It thus follows that the general term for a middle slot
$$\frac{x}{1-xy}+\frac{y}{1-xy}+\frac{xy}{1-xy}+\frac{yx}{1-xy}=\frac{x+y+2xy}{1-xy}, \tag{$\triangle$}$$
and since we must fill $4$ of those slots our generating function will feature $(\triangle)$ to the fourth power.

Now, the endpoint slots also admit one possibility that is unaccounted for, namely that it is empty $($represented by $x^0y^0=1)$.

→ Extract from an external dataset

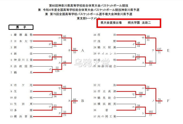 下图为2022年神奈川县大赛东支部赛区的对战表
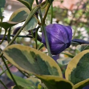おはようございます👋😃⛅ ツルニチニチソウの影で全盛期ひょろひょろで育った桔梗1輪と、ほぼ黄色くなった葉の茎から細々と伸びた枝から1輪、頑張って咲いてました💜 根性見せてくれましたね❇️

Like we said before, one way of doing this is simply adding $1$ to $(\triangle)$:
$$1+\frac{x+y+2xy}{1-xy}=\frac{1+x+y+xy}{1-xy}=\frac{(1+x)(1+y)}{1-xy}, \tag{$\square$}$$
Another possibility would have been to consider a modified version of case $(3)$ that accounts for the empty possibility:
$\qquad(3')$: a (possibly empty) sequence of $xy$'s.
This result in terms like $1, xy, xyxy, xyxyxy, \dots$
You see, the requirement in $(3)$ for there to be a preceding $xy$ was included specifically to prevent an empty result, so removing it adds the term we were missing.

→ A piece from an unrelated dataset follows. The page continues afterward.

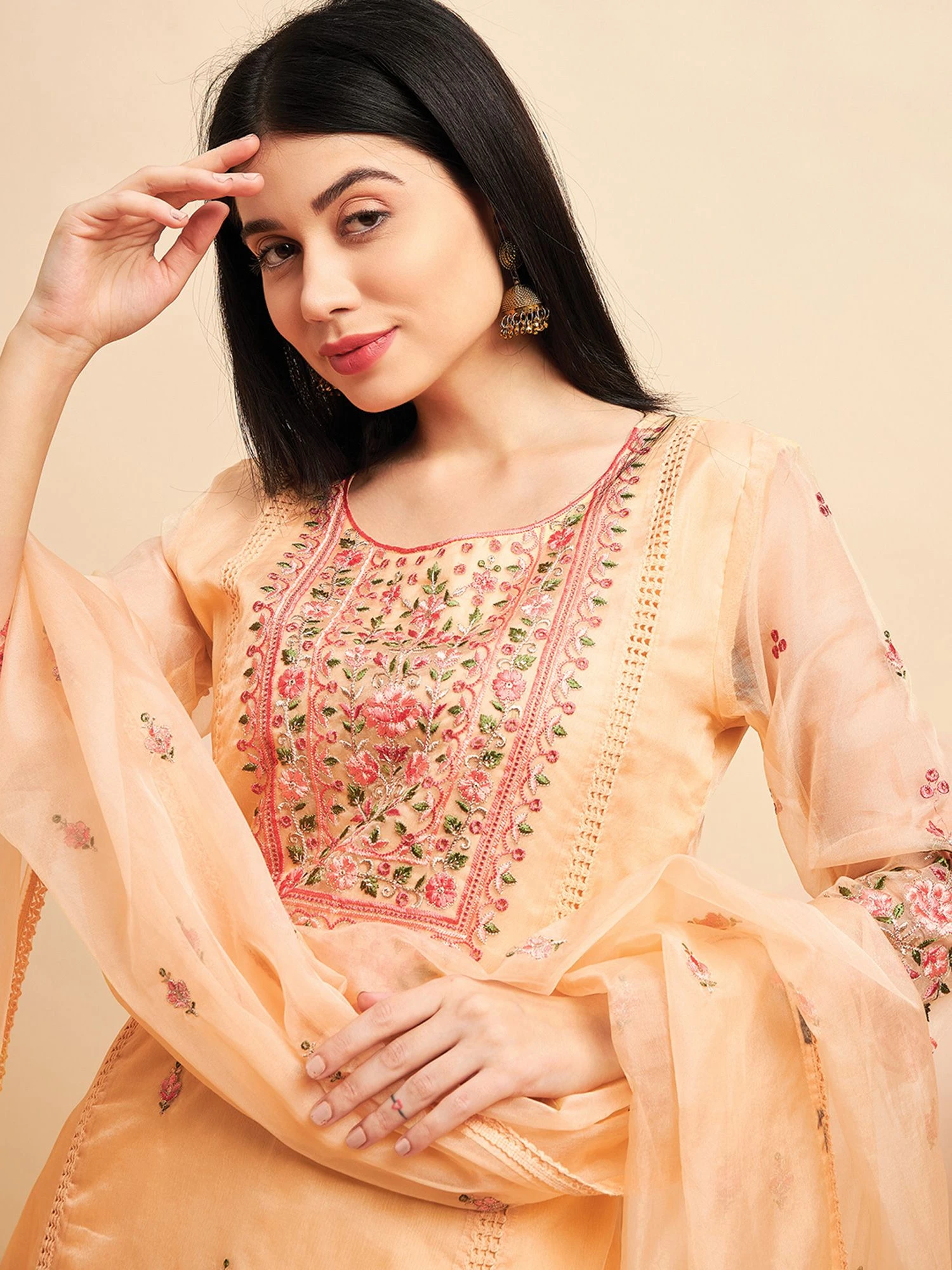 Glam up the views with this coral peach color straight cut kameez in organza. Enhanced using floral thread embroidered. Assigned with a organza dupatta and a pant style bottom, both made in peach color. Note: Accessories shown are for styling purpose only. Slight color variation may occur due to photographic reasons. The semi-stitched kameez can be customised upto 42 inches.

Like we calculated in $(**)$, the term corresponding to case $(3')$ is hence $\frac1{1-xy}$.
Cases $(1)$, $(2)$ and $(4)$ still apply, so our final term for an endpoint slot is
$$\frac{x}{1-xy}+\frac{y}{1-xy}+\frac{1}{1-xy}+\frac{yx}{1-xy}=\frac{1+x+y+xy}{1-xy}=\frac{(1+x)(1+y)}{1-xy},$$
yielding the same answer as before, of course.
Since we must fill $2$ endpoint slots, this will be squared in our final generating function.

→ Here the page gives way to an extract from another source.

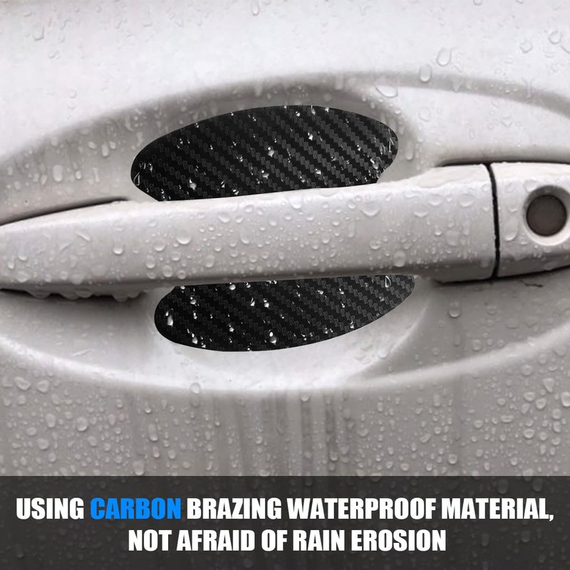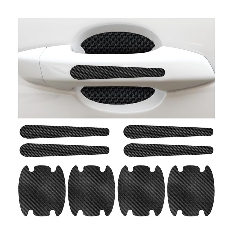 - 【Package Includes】: You will get 8 carbon fiber car door handle stickers. 4 pieces of bowl stickers (car door handle cups) + 4 pieces of strip stickers (car door handles) for 1 car. Bowl sticker size is 3.54" x 3.27", strip sticker size is 5.12" x 0.63".

This covers all slots we had to fill, and hence our generating function is
$$p(x,y)=\frac{\big((1+x)(1+y)\big)^2(x+y+2xy)^4}{(1-xy)^6}$$
Now we turn back to the start.
We don't actually have an unlimited supply of blue or red balls -- we are only interested in the case of exactly $5$ blue balls and $5$ red bals.
It suffices hence to extract the coefficient of $x^5y^5$ in the power series of $p$ about $(0,0)$.
A: OEIS sequence A110706 which gives a reference for the recurrence relation $$n(n+1)a_n=(n+1)(7n-4)a_{n-1}+8(n-2)^2a_{n-2}$$ It is easy to get $a_1=6,a_2=30$ and then we can easily get $a_3=174,a_4=1092,a_5=7188$. Note that the symmetry from permuting colours: $a_n$ is 6 times the number starting with blue, red.
A: Another way, which can be used for even more complex situations, is the formula by Jair Taylor
Define polynomials for $k\geq 1$ by  $q_k(x) =
\sum_{i=1}^k \frac{(-1)^{i-k}}{i!} {k-1 \choose i-1}x^i$.
e.g. for $k=2, q_2(x)$ works out to ${(x^2-2x)}/2!$
The number of permutations will be given by

$$\int_0^\infty \prod_j q_{k_j}(x)\,  e^{-x}\,dx.$$

The specific formula for this problem can be seen at Wolframalpha yielding the answer as $7188$